There's no "I" in IDN, part 7: IDN comes to AdWords

by Michael S. Kaplan, published on 2011/07/28 07:01 -04:00, original URI: http://blogs.msdn.com/b/michkap/archive/2011/07/28/10190701.aspx


Previous parts in this series:

Now I'll admit it has been a long time coming, but it is now here....

As mentioned by Lisa Shieh in IDN now supported by Google AdWords:

If you write your ads in any language other than English, you may have wished that you could make your display URL consistent with the rest of your ad by showing your internationalized domain name. Today, we’re announcing that we now support non-ASCII characters, including non-Latin characters and Latin characters with accents and diacritics, in display and destination URLs.
 
When you create an ad in AdWords, you can now enter Unicode characters in the display and destination URL fields. To ensure that users will be able to reach your site, we’ll verify that the URL works properly in both Unicode and Punycode.
 
We also want to make sure that users are not shown URLs in any language other than their own, so we’ll render the display URL in Unicode characters only if its language matches the user’s Google interface language.
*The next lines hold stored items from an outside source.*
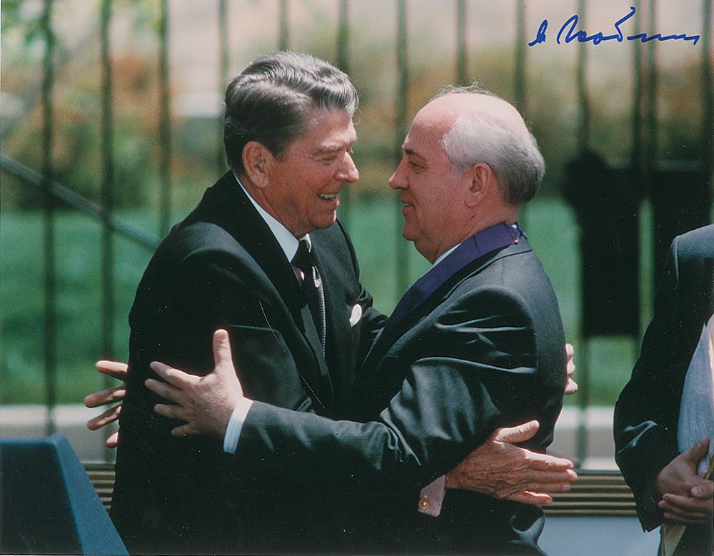 Color glossy 14 x 11 photo of Gorbachev with Ronald Reagan, signed in blue felt tip, “M. Gorbachev.” In fine condition.
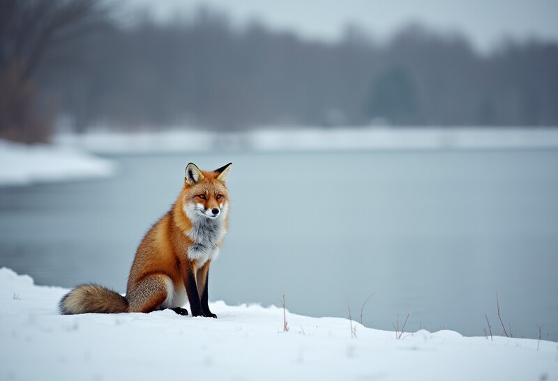 A red fox sits quietly on the snowy shore of a lake, surrounded by a serene winter landscape, under a cloudy sky.
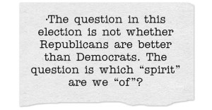 The question is which “spirit” are we “of”? Candidates who promote the slaughter of innocent unborn babies challenge us, and the issue is lives, not politics. Political “Goliaths” who advocate philosophies and policies that undermine God’s design for families and relationships stand up to mock us. Giants who would force acceptance of lifestyles and behaviors that clearly violate God’s principles are taunting us. These issues are not just political. They are expressions of the combatants in a spiritual war.

In all other cases, it’ll be shown in Punycode.
 
Remember that all of our AdWords policies regarding display and destination URLs still apply. In particular, the domain of the display and destination URLs must match, so if you use non-ASCII characters in the display URL, make sure to do the same in the destination URL.
 
Additionally, if you include multi-byte characters, please note that the character limits may vary. For more information, please visit our Help Center.

Now those last two links are pretty important ones.

The first one says:

How Much Text Can I have In My Ads?

Ads can show, including spaces, 25 characters for the title, 70 characters for the ad text, and 35 characters for a display URL (or approximately 17 for languages that use non-ASCII(multi-byte) characters).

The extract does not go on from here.